Bugün,”dünyayı değiştiren kadınlar” diye bir kitap okudum. Feminist bilincim olmadığından, bu kitabın adı bana itici geleceği için, aslında ilgi alanımın dışında kalırdı, eğer bana hediye edilmemiş olsaydı. Ancak huylarımdan biridir, elime aldığım herhangi bir kitabın ilk 30 sayfasını mutlaka okurum. Beğenirsem devam eder, beğenmezsem vazgeçerim. Bu alışkanlığım nedeniyle okudum; iyi ki okumuşum. Bu kitapta 25 kadının yaşam öyküsü var. Bazılarının adını ezbere bildiğimiz, bazılarını erkek sandığımız, bazılarını ise hiç duymadığımız batılı kadınlar bunlar. Bu yaşam öyküleri sayesinde, kadının sadece kadın olduğu için çektiklerini ve kurtuluş mücadelesini, benim sahip olduğum özgürlüğün geçmişten bugüne uzanan taşlarını kimlerin döşediğini daha iyi anladım. Bu öyküler sayesinde sadece kadınların hak mücadelesini değil, batı dünyasının 18. Yüzyıldan bugüne gelen gerçek tarihini izledim. Batı uygarlığı dediğimizin, kültürünü, inancını yani yaşamını, 25 ayrı noktadan gördüm.

Görmediğim ama üzerinde çokça düşündüğüm ise bambaşkaydı: İnsanın insan olduğu ilk zamanlardan bu yana, yani o upuzun zaman süreci boyunca yani milyarlarca yıl boyunca, kadının doğal olarak hep her zaman sahip olduğu özgürlüğünü nasıl olup da birkaç yüzyıl gibi kısacık bir zaman diliminde tümüyle kaybettiğiydi. Aslında tanık olduğum, kapitalizmin (elbette onun kökü olan feodalizmin) gerçek tarihiydi…

Bu kitap yüzünden, 18. ve 19. Yüzyıl Avrupasını/kadınları düşünürken, bu kitap yüzünden 21. Yüzyıl Türkiye’sini /kadınları düşünürken, en sonunda feminizmi anladım.

Yani babaları ve baba düzeni kuranları anladım.
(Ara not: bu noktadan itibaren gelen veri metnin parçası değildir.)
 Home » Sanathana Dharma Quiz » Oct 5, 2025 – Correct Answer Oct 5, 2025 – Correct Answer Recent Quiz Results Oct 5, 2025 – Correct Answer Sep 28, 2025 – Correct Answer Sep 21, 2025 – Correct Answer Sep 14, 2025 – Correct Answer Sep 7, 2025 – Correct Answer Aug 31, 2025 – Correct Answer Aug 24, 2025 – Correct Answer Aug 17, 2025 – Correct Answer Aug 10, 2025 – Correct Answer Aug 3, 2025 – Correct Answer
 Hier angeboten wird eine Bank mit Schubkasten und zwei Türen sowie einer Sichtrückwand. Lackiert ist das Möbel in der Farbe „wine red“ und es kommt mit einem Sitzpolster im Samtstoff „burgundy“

Babamın “ya okursun ya da bir erkeğin hizmetçisi olursun” lafını, “ya kendi ayaklarının üstünde durursun ya da başkalarının ayakları altında paspas olursun” şeklinde anladım.
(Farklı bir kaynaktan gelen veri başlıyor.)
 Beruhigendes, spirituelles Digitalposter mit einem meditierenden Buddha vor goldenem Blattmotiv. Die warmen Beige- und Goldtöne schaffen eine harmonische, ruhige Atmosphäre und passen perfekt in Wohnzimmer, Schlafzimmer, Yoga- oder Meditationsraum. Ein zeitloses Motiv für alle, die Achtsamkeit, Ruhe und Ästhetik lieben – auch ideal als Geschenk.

Yani kapitalizmi ve onun uzantısı olan emperyalizmi anladım.

Varlık yayınlarının 2004 basımı olan bu çeviri kitabını edinmekte gecikmeyin. Çünkü “ kadın ve politik gelişmeler” çerçevesine, en çok bu günlerde ihtiyacımız var. “Kadına şiddete hayır” diyen daracık çerçeveyi aşmaya, en çok bugünlerde ihtiyacımız var. Yoksa siz de benim gibi, şanslı olduğunuz, şimdiye kadar cinsiyet engelleri ile çok da boğuşmadan bir ömür yaşayabildiğiniz için, kadın sorunun gerçek boyutunun farkına bile varmadan ömrünüzü tamamlayabilirsiniz. Yoksa sizde benim gibi şanslı olduğunuz, demokrasiye doğduğunuz, şimdiye kadar otokrasi engelleri ile sınırlandırılmadan yaşayabildiğiniz için, özgürlük sorununun gerçek boyutunun farkına bile varmadan ömrünüzü tamamlayabilirsiniz.

Ben zaten biliyorum, diyorsanız siz bilirsiniz: Feminen olmakla feminist olmanın farkına, demokraside yaşamakla demokrat olma farkına, insan doğmakla insan olma farkına hatta bilgi ile bilinç farkına falan değinecek değilim.

Çekmeyen bilmez derler, doğruymuş. Ben bugün, neden gerçek bir feminist ol(a)madığımı anladım. Ben bugün, neden gerçek bir demokrat ol(a)madığımı anladım. Bu kadınların yaşam öykülerinin açtığı pencereden bakmak, benim bilgi hazineme bir dolu inci ekledi. Biraz daha zenginleştim. Siz de zenginleşin isterim.


5 Haziran 2015

Bu kitabı bana hediye eden kadın cerrah Lakme’ye, ilhamı için teşekkürlerimle.